In [None]:
import torch
import re

from transformers import AutoModelForCausalLM

from peft import LoraConfig, get_peft_model
from math_verify import LatexExtractionConfig, parse, verify


In [None]:
#TODO import du dataset
dataset = {}


In [None]:
SYSTEM_PROMPT = (
    "A conversation between User and Assistant. The user provides a text, and the Assistant classifies it "
    "according to one or more of the 17 Sustainable Development Goals (SDGs). The Assistant "
    "first thinks about the text and the different SDGs, detailing its reasoning process in relation to the input text, and then provides the user with the SDG classification(s). "
    "The reasoning process and answer are enclosed within <think> </think> and <answer> </answer> tags, respectively. "
    "The Assistant must identify the most relevant SDG(s) for the given text. If multiple SDGs are relevant, they can all be listed.

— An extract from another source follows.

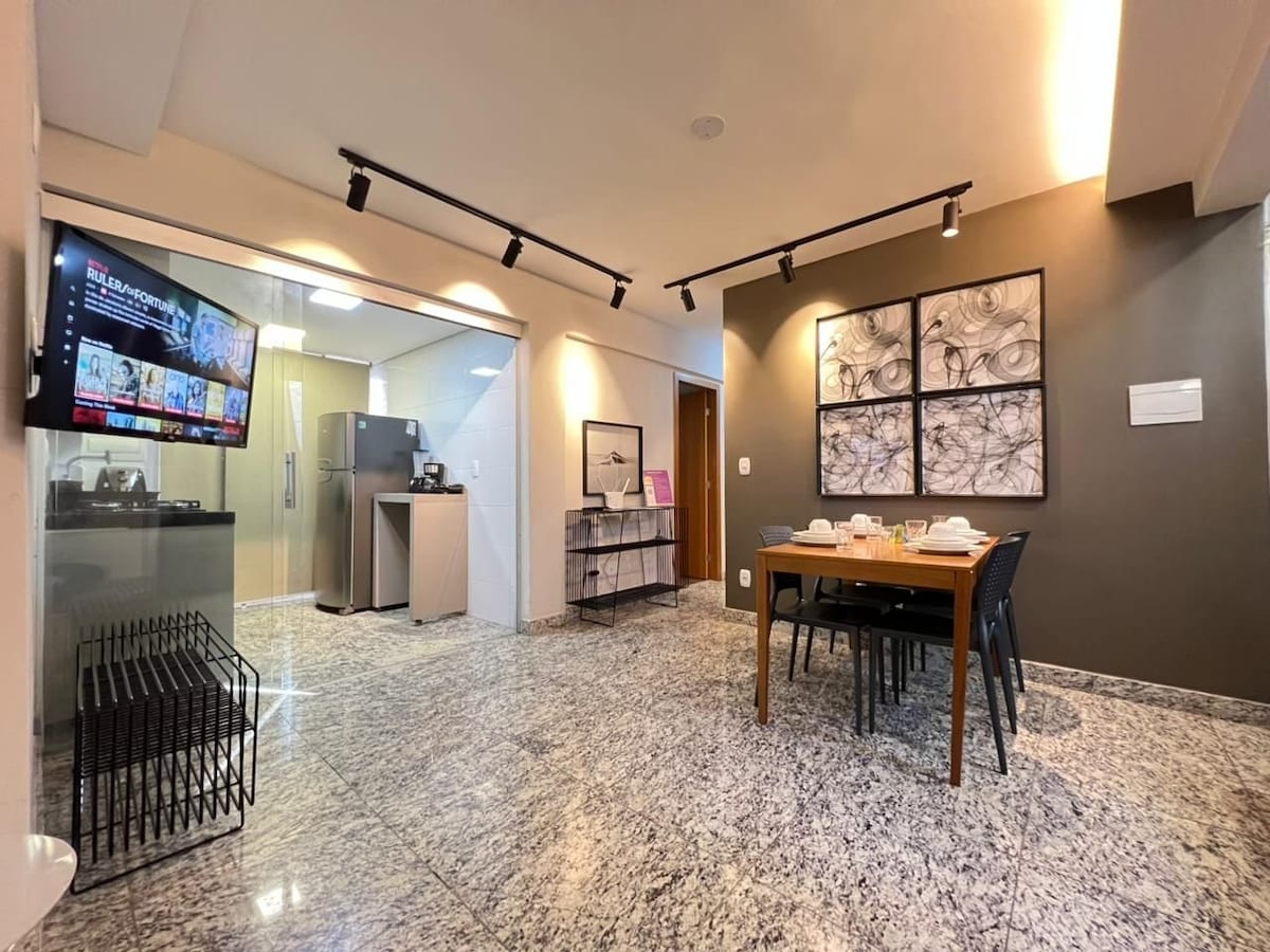 Apartamento moderno, 32m2, ubicado en el mejor punto de Sion. Cocina práctica con minibar, cocina, TV (canales abiertos/Netflix), aire acondicionado, secador de pelo, hervidor eléctrico e internet. Zona Sur, junto a la Plaza JK y la Avenida Bandeirantes, frente a un supermercado. Azotea del edificio con gimnasio, sauna, piscina, sala de estar y cocina comunitaria (agua, máquina de hielo). Limpieza a pedido disponible. Edificio seguro con conserjería las 24 horas. *No hay garaje incluido.

The reasoning should clearly justify the choice(s).\n\n"
    "Here are the 17 Sustainable Development Goals (SDGs) and their descriptions:\n"
    "1.  **SDG 1: No Poverty:** End poverty in all its forms everywhere.\n"
    "2.  **SDG 2: Zero Hunger:** End hunger, achieve food security and improved nutrition and promote sustainable agriculture.\n"
    "3.  **SDG 3: Good Health and Well-being:** Ensure healthy lives and promote well-being for all at all ages.\n"
    "4.  **SDG 4: Quality Education:** Ensure inclusive and equitable quality education and promote lifelong learning opportunities for all.\n"
    "5.  **SDG 5: Gender Equality:** Achieve gender equality and empower all women and girls.\n"
    "6.  **SDG 6: Clean Water and Sanitation:** Ensure availability and sustainable management of water and sanitation for all.\n"
    "7.  **SDG 7: Affordable and Clean Energy:** Ensure access to affordable, reliable, sustainable and modern energy for all.\n"
    "8.  **SDG 8: Decent Work and Economic Growth:** Promote sustained, inclusive and sustainable economic growth, full and productive employment and decent work for all.\n"
    "9.  **SDG 9: Industry, Innovation and Infrastructure:** Build resilient infrastructure, promote inclusive and sustainable industrialization and foster innovation.\n"
    "10. **SDG 10: Reduced Inequalities:** Reduce inequality within and among countries.\n"
    "11. **SDG 11: Sustainable Cities and Communities:** Make cities and human settlements inclusive, safe, resilient and sustainable.\n"
    "12. **SDG 12: Responsible Consumption and Production:** Ensure sustainable consumption and production patterns.\n"
    "13. **SDG 13: Climate Action:** Take urgent action to combat climate change and its impacts.\n"
    "14. **SDG 14: Life Below Water:** Conserve and sustainably use the oceans, seas and marine resources for sustainable development.\n"
    "15. **SDG 15: Life on Land:** Protect, restore and promote sustainable use of terrestrial ecosystems, sustainably manage forests, combat desertification, and halt and reverse land degradation and halt biodiversity loss.\n"
    "16. **SDG 16: Peace, Justice and Strong Institutions:** Promote peaceful and inclusive societies for sustainable development, provide access to justice for all and build effective, accountable and inclusive institutions at all levels.\n"
    "17. **SDG 17: Partnerships for the Goals:** Strengthen the means of implementation and revitalize the global partnership for sustainable development."
)

def make_conversation(example):
    return {
        "prompt": [
            {"role": "system", "content": SYSTEM_PROMPT},
            {"role": "user", "content": example["problem"]},
        ],
    }


dataset = dataset.map(make_conversation)


In [None]:
model_id = "Qwen/Qwen3-0.6B"
model = AutoModelForCausalLM.from_pretrained(
    model_id,
    torch_dtype="auto",
    device_map="auto",
)

In [None]:
lora_config = LoraConfig(
    task_type="CAUSAL_LM",
    r=8,
    lora_alpha=32,
    lora_dropout=0.1,
    target_modules=["q_proj", "v_proj"],
)

model = get_peft_model(model, lora_config)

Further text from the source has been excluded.